I wonder if there are any high speed dremel type tool that will withstand heavy-duty usage? I used a regular type for this particular time. Well... it got awfully hot. Also locking mechanism jammed so I had to take it apart and fix it. Maybe something like dentists use?
My only Dremel is probably over 10 years old and still works like new.
I use several Proxxon rotary tools, and the only one I killed was after a year or two of heavy use. Big side-loads in a router table, doing tasks that call for a real router. I've learned how to prevent even this. When the bearing starts to make funny noises, you have to stop using it and replace it right away before the commutators on the motor get worn out of whack. The Proxxon tools have their thin, slender neck at the cost of a stupidly thin ball bearing at that end. McMaster Carr sells them. They have only one model in this size, which is telling on how extreme a compromise it is.
Quote from: tkamiya on Today at 07:46:13 pm
Wooohooo! Great idea! I already have a smallish compressor. Thanks!
I have a broken refrigerator and the intention of using the compressor to build myself a shop compressor. It'll be any year now. 
Compressed air tools have the advantage of being powerful and refrigerated by the expanding air.
The problem with air grinders is air supply. They're hogs. They have much lower inertia and suck massive air even when up to speed. They get their torque from sucking massive power all the time. You probably need at least 20 gallon tank and a decent compressor to use one, even a pencil grinder. A fridge compressor is high pressure, low output; not at all right to run an air grinder.
I eventually upgraded my router table to take a trim router. And I bought a 1/8" collet for it, so I can still use all my rotary tool bits in it.
*edit: I also occasionally use a trim router like a big dremel tool, using both carbide burrs and stone/hard points. With a carbide burr, it will eat plastic and aluminum, but you need a big hand to hold it.

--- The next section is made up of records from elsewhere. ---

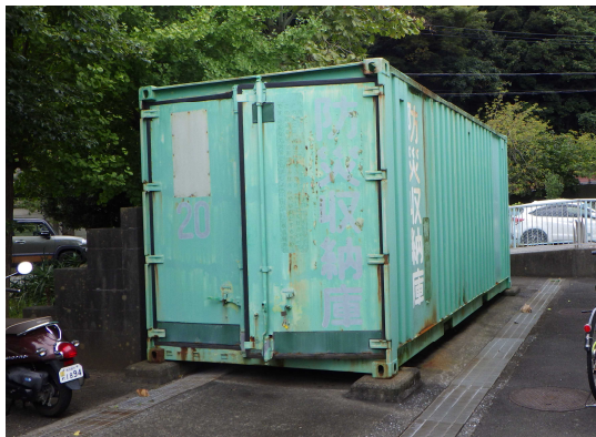
③ 馬堀小学校・スチール製・No. 2 0
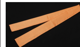
重ね衿 (なくても可)
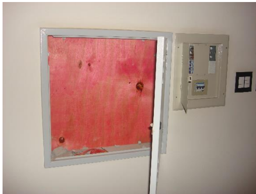
Quadro de força
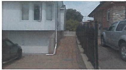
Hauteur et pente
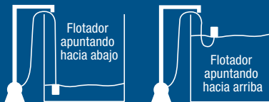
DIAGRAMA DEL FLOTADOR

Su flotador cuenta con un cable de 2 metros de longitud, por lo que le permitirá ajustar el nivel según lo deseado. Introduzca el cable del flotador por el orificio del contrapeso de manera que el cable atraviese completamente el contrapeso. Una vez realizado lo anterior, recórralo a través del cable para aumentar o disminuir el nivel del agua dentro del tinaco.
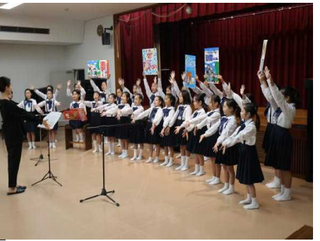
○ふるさとまつり（コーラス部）
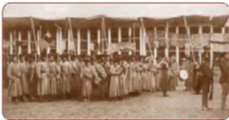
Buxoro harbiy qo‘shinlari
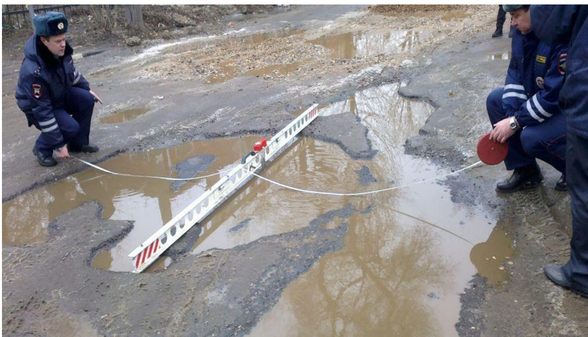
Рис. 3. Измерение ям на дороге (необходимые данные для внесения в протокол осмотра и акт недостатков улично-дорожной сети)

12) составляет протокол осмотра места совершения административного правонарушения и схему ДТП (см. пример на рис. 4).
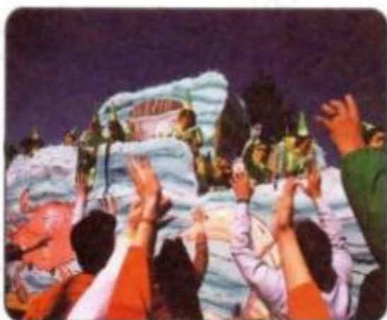
Mardi Gras, Brazil
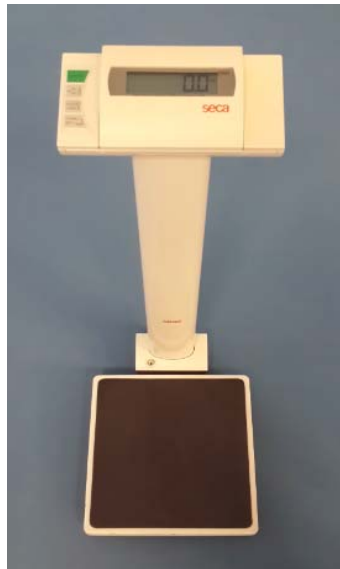
Şekil 2. Laboratuvar Baskülü

Vücut Ağırlığı: Deneklerin vücut ağırlığı ölçümleri \pm 0.01\text{kg} olan elektronik laboratuvar baskülü (Seca, Vogel & Halke, Hamburg) ( Şekil 2 ) ile alınmıştır.
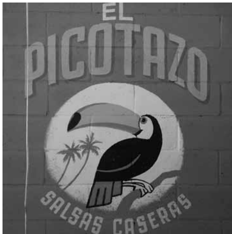
Figura 3. Rótulo de marca para salsas caseras (MXCity, 2016, s/p).

Estos añadidos de volumen se usan de manera indistinta, puede ser en un anuncio de comida en un puesto callejero hasta en identificadores y marcas (Ver Figura 3) o de agrupaciones musicales, que en cualquiera de los casos su propósito final es el de captar la atención y añadirle cierta personalidad. También se observa que la perspectiva acompaña a muchos de estos letreros, la letra en forma de arco o en aumento progresivo de tamaño ya sea de lado a lado o inclusive con convergencia hacia el centro. Los planos inclinados y la aparente aleatoriedad de los mismos le brindan a la composición un dinamismo íntimamente ligado al aparente desorden. Es importante señalar que detrás de todos estos rótulos y letras dibujadas hay rotulistas con una técnica excepcional que seguramente estaban adiestrados en las artes caligráficas, tal como lo comentan Checa-Artasu y Castro (2008).
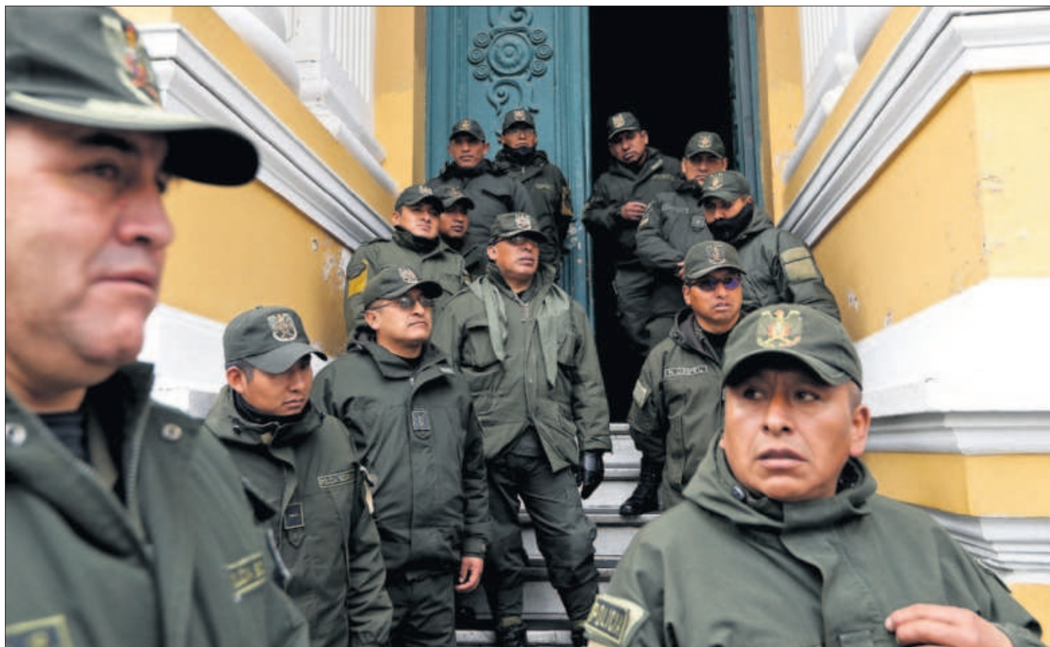
Policías a la entrada del Congreso Boliviano, ayer en La Paz.

L. J. MOÑINO, Madrid La Federación Española de Fútbol confirmó ayer que la Supercopa se jugará, del 8 al 12 de enero, en Arabia Saudí. Ante las críticas por llevar el torneo a un país que no respeta los derechos humanos, la federación esgrimió que el régimen permitirá el acceso libre de mujeres al estadio. Valencia-Real Madrid y Barça-Atlético serán las semifinales. PÁGINAS 34 Y 35
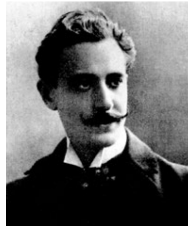
Figura 5. Joaquin Vaamonde Cornide, 1897.
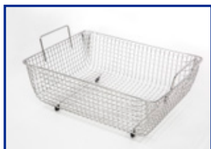
Cestello compatibile con tutti i modelli

* SS-200 non incluso nella confezione standard.
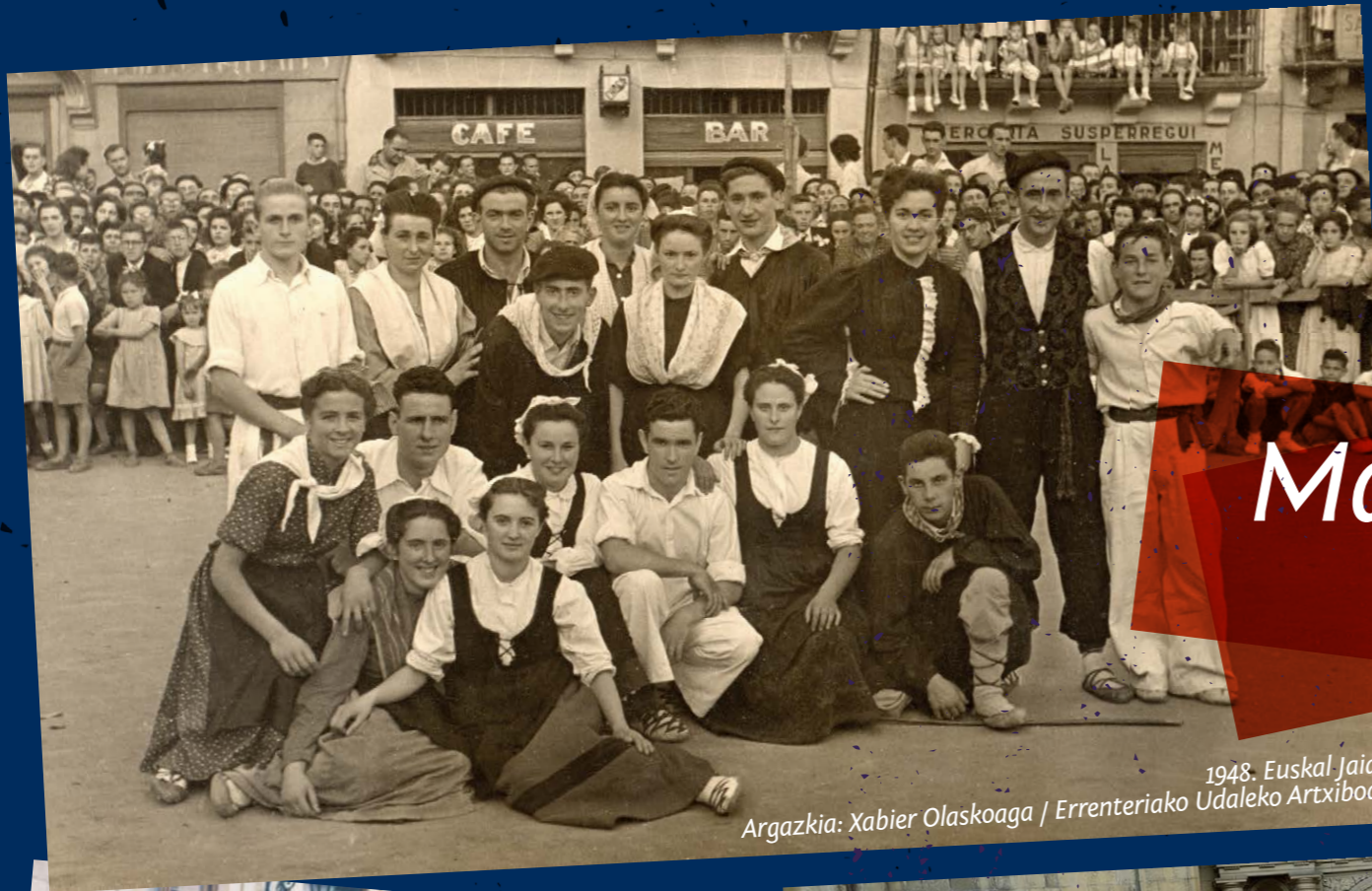
1948. Euskal Jaia.

One curious thing I've found is that even the cheapest trim router you can find out of china runs true as any high money dremel or proxxon tool and will have a nicely balanced motor. Consumers seem to accept runout and buzz in cheap rotary tools, perhaps because they are still useful with a variety of tasks/bits. A router with any much runout would be fairly useless and perhaps even a safety issue. The balancing of the motor, which is the massive majority of the weight of the device, probably simply has to be done, and it seems that once that threshhold is crossed, it is perhaps not much more expensive to do the job, properly.